The Zika virus is a member of the virus family Flaviviridae and is closely related to other mosquito-borne viruses such as those that cause dengue fever, yellow fever, and Japanese encephalitis. The primary carrier of the virus, the Aedes aegypti mosquito, is unusual in that it is most active during the daytime hours. It only takes one bite for an infection to occur.
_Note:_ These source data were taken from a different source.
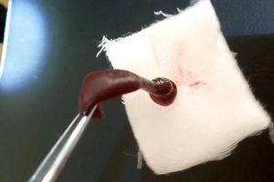 Do con đỉa nằm ở vị trí hiểm, bám chặt nên khó khăn cho việc nội soi. Phải mất hàng chục phút, con đỉa dài 6cm mới được gắp ra khỏi mũi bệnh nhân khi đã hút căng máu.
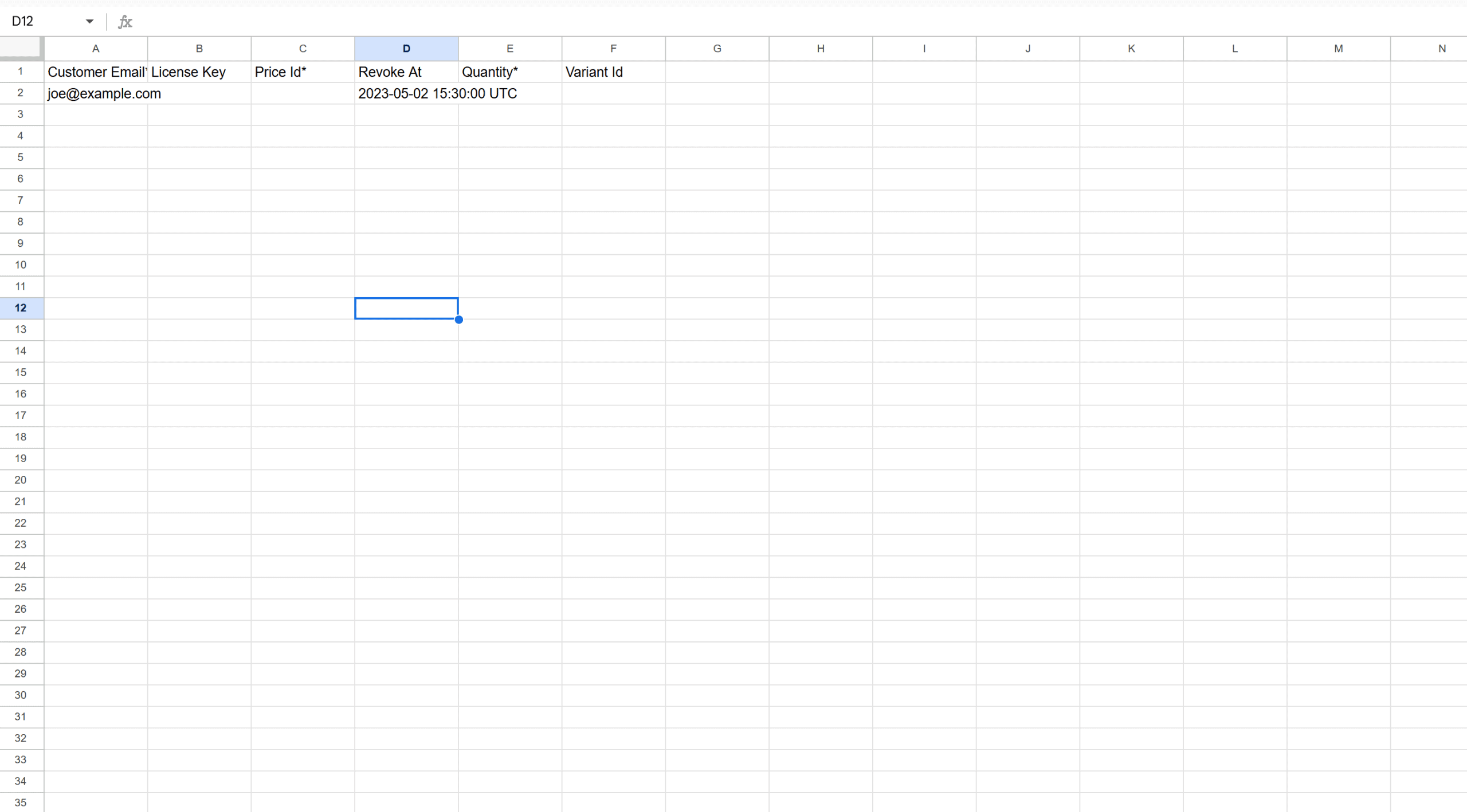 Note: Some fields in the template have an asterisk (*) next to them, indicating they’re essential. In your case, the necessary fields are – Customer Email, Price ID, and Quantity.
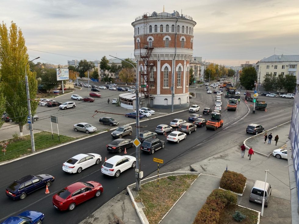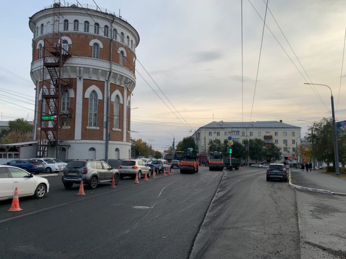В Оренбурге дорожный ремонт на проспекте Победы стал причиной огромных пробок. На магистрали завершают укладку верхнего слоя нового асфальта. К часу пик техника добралась аккурат до водонапорной башни.

Once the surrounding skin cells are inoculated, the virus can quickly move into the bloodstream and spread throughout the body.
Zika virus is mainly spread by mosquitoes. The virus can also be transmitted during sex, mostly from men to women as the virus can persist for months in semen.
Zika can also be passed from mother to child during pregnancy and, on rare occasions, through a tainted blood transfusion.
A Zika infection is usually mild and uneventful, but it can turn serious if passed to a developing fetus during the early stages of pregnancy. While scientists do not yet fully understand the pathway of the disease, it appears that the virus is able to breach the placenta during the early part of the first trimester when fetal stem cells are just starting to specialize into the brain, heart, and other vital organs.The virus' impact on these cells can be devastating, causing serious malformations and increasing the risk of miscarriage and stillbirth. The most serious concern is microcephaly, a rare and irreversible birth defect in which a baby is born with an abnormally small head and brain.
While discovered in 1947, Zika virus (ZIKV) remained unimportant and unnoticed until the Yap Island outbreaks in 2007. Even then, it scarcely raised interest and concern quickly abated as the outbreak dwindled without further outbreaks occurring. This situation changed dramatically with the unexpected and large outbreaks that began in 2015 in Brazil—eventually resulting in an estimated 200,000 identified cases. As a result, the world has had to play “catch-up” by rapidly investigating ZIKV immunology, pathophysiology, and its short- and long-term effects, as well as the full spectrum of pathology the virus may cause in different populations.
As of 2021, there is no effective drug to treat—or vaccine to prevent—Zika infection. As of 2019, some 18 known vaccine candidates are in various stages of preclinical and clinical development. A wide variety of formulations are being studied; among those being tested are live virus vaccines, inactivated vaccines, whole-virus vaccines, subunit vaccines, and messenger RNA (mRNA)–, DNA-, protein-, and vector-based formulations.
The ideal vaccine against Zika would require a single dose, be capable of being administered to anyone regardless of age or medical condition (including pregnancy), result in durable (if not lifelong) immunity, prevent medically significant outcomes of infection in both the immediate recipient (eg, GBS) and in the fetus (eg, microcephaly and other congenital conditions), be safe and highly effective, and ideally not require either a cold chain or complex logistics to store and administer. Given the observation of intermittent outbreaks thus far, the ability to store vaccine stockpiles for long periods of time is also necessary.